How to See an Opera at the Vienna Opera House for 4 Euros or Less
You read the title right! It is possible to see an opera at the world renown Vienna Opera House for four euros or less. All you need is patience, strong legs, and a scarf. I’ll explain.
Vienna has a long-standing (ha, get it) history of being a place of learning and culture. The Opera House followed in this tradition by offering cheap standing room for their shows. This was in an effort for all the people of Vienna, poor and rich, to have an opportunity to experience the arts. The standing area is an area at the back of the opera where, for between three and four euros, you can watch a world-class opera without paying the hundreds of euros that a similar quality show would cost. This tradition exists to this day, here’s everything you need to know to get in:
What to Bring
There are several items that you will want to bring to make sure you successfully get into (and keep) your Vienna Opera House standing spot.
A Scarf (or anything you can tie around a hand rail)
In order to reserve your place, you will need to tie something around the hand rail in front of your spot. If you want to go for sophistication, bring a scarf. However, you can use anything that will get the job done and no one will bat an eye. For instance, the man next to me used some old newspaper which he crumpled around the rail. More on this later.
The Opera House standing tickets are cheap, but they expect you to be able to pay in exact change. Bring 4 euros exactly. The best combination of change is one 2 euro coin and two 1 euro coins. That will keep you covered whether the price is three or four euros.
A Book, Journal, or Something to do While You Wait
You are going to be waiting in line for a considerable amount of time, so I recommend bringing something to do. Many people read, journal, or listen to music. I even saw one women knitting! They do not check bags, so feel free to bring a backpack full of whatever time-passing materials you want!
Checking Opera Times
The Opera’s are different every day of the week, so it is important to know what you will be seeing and at what time you will be seeing it. The best way to check this is through the Vienna Opera House’s website, click here for a link. I recommend arriving between two and three hours before the opera begins. Three hours early will put you at the front of the line (which will lead to the best spots). Two hours early will guarantee you get in.
Once you have figured out what opera you want to see and what time it begins you are ready to get in line. As I mentioned before, you will want to arrive between two and three hours before the opera begins to get in. Obviously, the earlier the better in terms of seat positions (it is first come first serve, more on this later). For standing tickets, there is a specific standing ticket zone on the side of the Opera House. You will most likely see people waiting there (see picture below).

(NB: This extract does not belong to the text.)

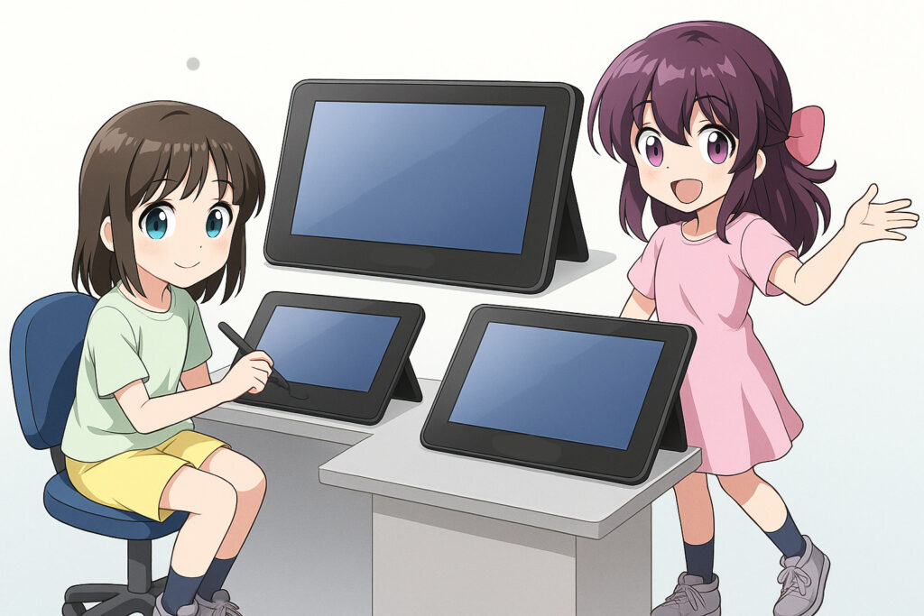 パソコン・液晶タブレット・ソフトを用意しており、デジタル作画ができます。

Once you have found the standing ticket zone, get in line. Depending on how early you arrive, you may have to wait outside for a some time. However, as soon as the Opera House staff open the door (located directly under the sign) you should get inside to wait.

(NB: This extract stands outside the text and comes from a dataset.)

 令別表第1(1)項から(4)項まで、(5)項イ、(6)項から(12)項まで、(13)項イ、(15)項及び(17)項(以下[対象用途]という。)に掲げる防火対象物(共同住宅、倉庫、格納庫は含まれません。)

You will notice that many of the attendees are “vets.” Usually older men and women, who know one another. Sometimes they even bring a small stool or foldable chair to sit on while they wait. Just like them, feel free to plop down on the ground to wait and read your book or do whatever else you do to pass time. Usually, the ticket booth does not open until about 45 minutes before the Opera begins.
Buying your ticket
Once the ticket booth opens, there will be something of a mad rush to get your ticket and get to the next line. There will be several ticket options, all that refer to different standing zones. I recommend getting yourself a seat in the gallery section, it is the most central area. Remember to have exactly three or four euros and be ready to get your ticket and quickly get to the next line. The gallery section is shown in the red box below:
Getting to the Second Line
After buying your ticket, another mad rush to get to the front of the seating lines will begin. The “vets” will be the first to pass you as they quickly get to the front of the next line at the base of the stairwell. Follow the crowd into the central section of the opera house and position yourself at the base of your respective area’s stairwell. The gallery seating stairwell is the first stair case on the left once you enter the center of the Opera House. You will see an Opera House attendee at the base of the stairwell and a new line will begin to form behind this person.
Getting your spot
Once in this second line, expect to wait another 15 or so minutes, until seating opens up. You will be lead in an orderly fashion up the stairs to your respective area over this 15 minutes. However, as soon as the 15 minutes is up and the attendee allows you to find your seat, the third and final mad rush will begin.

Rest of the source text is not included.